In late 2006, the Ontario Federation of Anglers and Hunters took over management of the MNR’s Ringwood Hatchery near Stouffville through a five-year contract, and MEA took on the role of host club. The two groups partnered to raise salmon and trout for stocking in Lake Ontario, including the restart of coho collection in 2007. In late 2011, the MEA signed a new contract with the MNR to manage Ringwood on their own. “Currently, over forty members volunteer countless hours to assist in a variety of fish preservation projects,” said Bruce Burt of the MEA.

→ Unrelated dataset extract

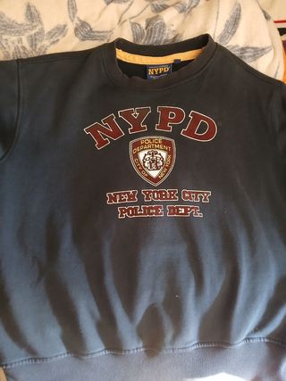 Sudadera con el logo oficial del Departamento de Policía de Nueva York (NYPD). Diseño clásico con el escudo y el nombre del departamento. - Sudadera con cuello redondo. - Estampado NYPD en grande. - Escudo Police Department City of New York en el centro. - Texto New York City Police Dept. debajo del escudo.

Over 200,000 coho fingerlings have been stocked out of Ringwood since 2008. Coho mature and return to spawn in two years.

In the past, most fish were stocked in the Credit River, since this was traditionally the host river for fall egg collection. Eggs collected from a wild source as opposed to hatchery eggs must have MNR permits, and the number of eggs allowed on permits in recent years has averaged over 100,000. There have been problems with egg collection and capturing returning adult coho. However, 2012 was a good year. “In only two trips to the Credit, the MEA volunteers were able to secure their permitted number of 130,500,” said Burt.

At maturity, these silvers will mix with the 250,000 or so that are stocked from New York State annually.

In the spring, the Lake Ontario hot spot is the southwest shore from Port Dalhousie to Grimsby. Prime time is late May to early June, starting close to shore in less than 20 feet of water. Bodybaits are the lure of choice.

Shane Thombs, who operates FINtastic Sportfishing finds most spring coho measure about 24 inches and weigh 4 to 5 pounds. In August, these same fish weigh about 8 pounds.

“When the nearshore fishery slows down, move out to water depths of 180 feet and fish the entire water column,” says Thombs. “Mid-size spoons, such as the NK 28 in hot colours, are my favourite. Run them with a short lead 10 feet off the downrigger ball.”

On the north shore of Lake Ontario, Kevin Phillips operates Chasin’ Tail Charters out of Cobourg. Although many anglers focus on the “blue zone” 15 to 20 kilometres off shore, Phillips has caught good numbers of coho in August within a kilometre or two of shore.

“If you catch one coho, work the area hard since they’re always found in schools,” suggests Phillips. When targeting coho in shallow water mixed with staging chinooks, Phillips prefers flasher-fly combos and bright-green colours. Run Atomic flies on short leads for more action. Set these rigs as the highest in the spread on downriggers and Dipsy Divers. These combos have been deadly for Phillips on skinny-water coho the entire month of August, and the catch rate I’ve had is the closest I’ve come to finding a cure for my salmon addiction.